Sweden will try to lift the ban on inspections of the wreck of the Estonian ferry that sank in the Baltic Sea in 1994 with the loss of 852 lives in one of the worst maritime disasters of the twentieth century.
The Swedish Accident Investigation Authority has requested an amendment to a law banning diving to allow for a re-examination of the wreck after a documentary presented evidence of a previously unknown hole in the body.
In 1997, investigators concluded that the disaster was caused by the opening of the ship’s bow door in the high seas, allowing water to gush into the deck of the car.
Survivors and relatives of those killed fought for more than two decades for a fuller investigation, with some claiming that opening the bow visor would not have caused the ship to sink as quickly as he did.
The ship, which was sailing from Tallinn to Stockholm, landed in just one hour in the early hours of September 28, 1994, leaving only 137 survivors.
It was the worst maritime disaster in European waters and the second worst involving a European ship after the Titanic sank in the North Atlantic in 1912.
Following a decision not to save the wreckage or bodies of the victims, the governments of Sweden, Estonia and Finland signed a treaty in 1995, agreeing to designate the wreck site as a final resting place and make it illegal for its citizens to disturb the site. sinking into him.
“We have no plans to repeal the law to protect the peace of the grave, but we will look at how the law needs to be adapted to make the investigations the accident investigation authority wants to do,” said Swedish Home Secretary Mikael Damberg. said at a news conference.

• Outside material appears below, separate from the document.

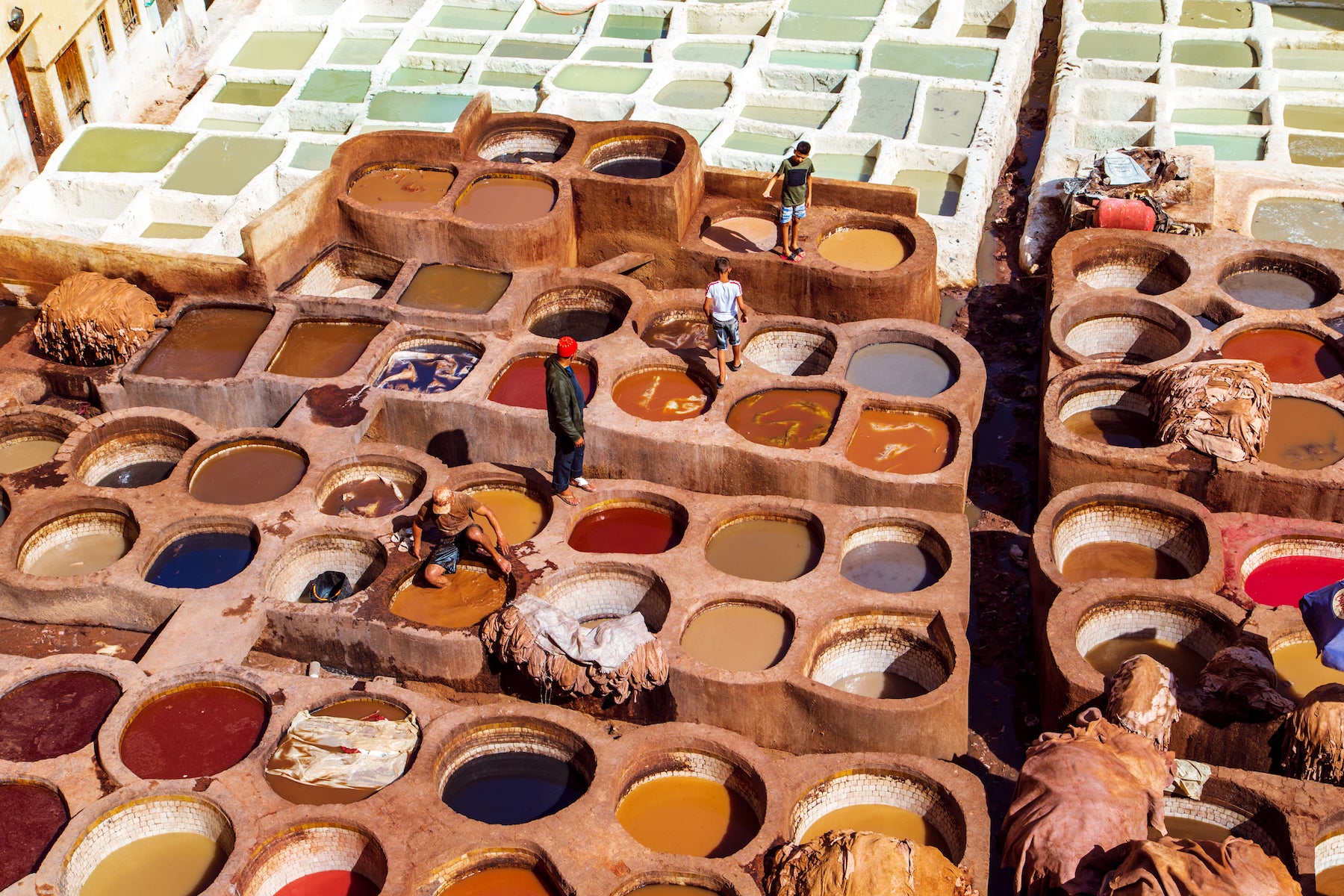 迷宮都市『フェズ』にある、なめし革染色職人街『タンネリ・ショワラ』の作業場

In September, a documentary showed underwater images revealing a hitherto unrecorded hole four meters (13 ft) in the hull.
Two of the filmmakers were accused of disturbing the final resting place and spent up to two years in prison, but the revelations prompted the reopening of the investigation.
Experts told filmmakers that only a massive external force would be strong enough to cause the rupture, raising many questions about what really happened that night.
“I think the truth is different from what people have been told so far,” survivor Carl Eric Reintamm told the program.
Survivors said they heard a loud bang and Reintamm said he saw a large white object in the water near the ferry, which experts in the program said had not been considered so far.
A preliminary inquiry into the need to re-evaluate the results of the 1997 report was launched by the accident authorities in Sweden, Finland and Estonia.
Without saying directly that diving would take place, they together demanded that the laws be amended to allow for the possibility.
Damberg said on Friday that work to change the law would begin and that they would “continue the dialogue” with Estonia and Finland.
According to the head of the Swedish accident investigation authority, John Ahlberk, there is nothing in the new preliminary assessments to call into question the official investigation at this stage.
“The purpose of this investigation will be to explore as much as possible to find the causes of the holes in the hull,” he said.
So far, the countries involved have been reluctant to re-examine the causes of the disaster, leading to the circulation of numerous theories, none of them yet proven.
These include a collision with another ship, either a military ship or a submarine, as well as the involvement of organized crime gangs or that an explosion took place on the ship.